An additional line of research where language models could be used as a critical tool in understanding pseudoword interpretation processes is the analysis of the role of the (linguistic) context in understanding novel lexical items. In this study, we deliberately focused on the word-internal mechanisms supporting the extraction of semantic information from form alone. On the other hand, previous research has also shown that the (sentence) context in which a novel lexical item is encountered plays a major part in forming a semantic representation for said item (e.g., Borovsky, Kutas, and Elman 2010; Günther et al. 2020; Lazaridou, Marelli, and Baroni 2017). Future studies should thus investigate the interplay between such contextual information and the word-level information encoded in the pseudowords’ form: Language models have the ability to process and represent language based on context. By incorporating contextual analysis, future research could explore how surrounding words, sentences, or even larger text structures contribute to the meaning that humans attribute to pseudowords.
From a practical standpoint, our approach could be helpful in providing additional experimental control in studies utilizing pseudowords as stimuli.

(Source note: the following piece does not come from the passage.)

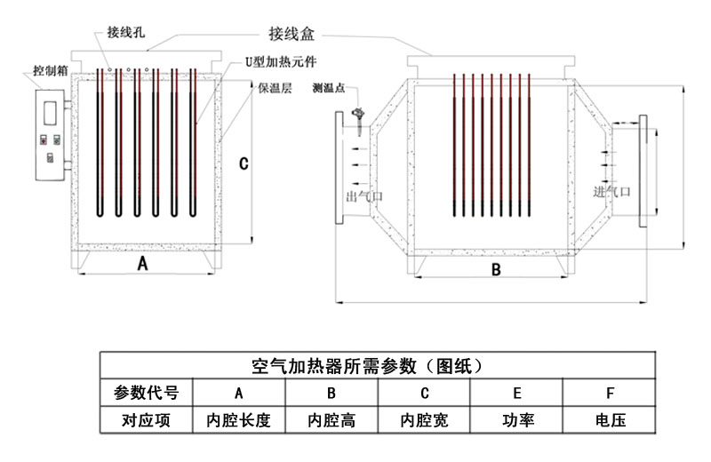 空氣加熱器主要用于風道中的空氣加熱,規格分低溫、中溫、高溫三種型式,在結構上的共同之處是采用了鋼板支撐電熱管以減少風機停止時電熱管的震動,在接線盒中都裝有超溫控制裝置。低溫型可直接安裝在風道上,而中溫型、高溫型由于結構上的不同,在通道外壁至加熱器接線盒夾有100mm厚的保溫材料,一方面減少整個通道的對外散熱,另一方面也減少了接線腔內的溫度。

For instance, in pseudoword learning experiments, researchers might want to ensure that the sub-word content of a pseudoword is not associated a priori with certain semantic properties that the participants are expected to learn during the experiment (which so far required additional data collection from human participants; see for example Günther, Dudschig, and Kaup 2018). More generally, it is likely that researchers in psycholinguistics might want to control for the semantic content that is encoded in a pseudoword’s form. In cases where such semantic content might be expressed as a single word, simpler alternatives such as fastText might suffice; however, if the semantic content to be controlled is more complex and needs to be articulated at the sentence level, our approach might provide a straightforward way to measure in a data-driven fashion the semantic association between a pseudoword’s form and declarative meanings.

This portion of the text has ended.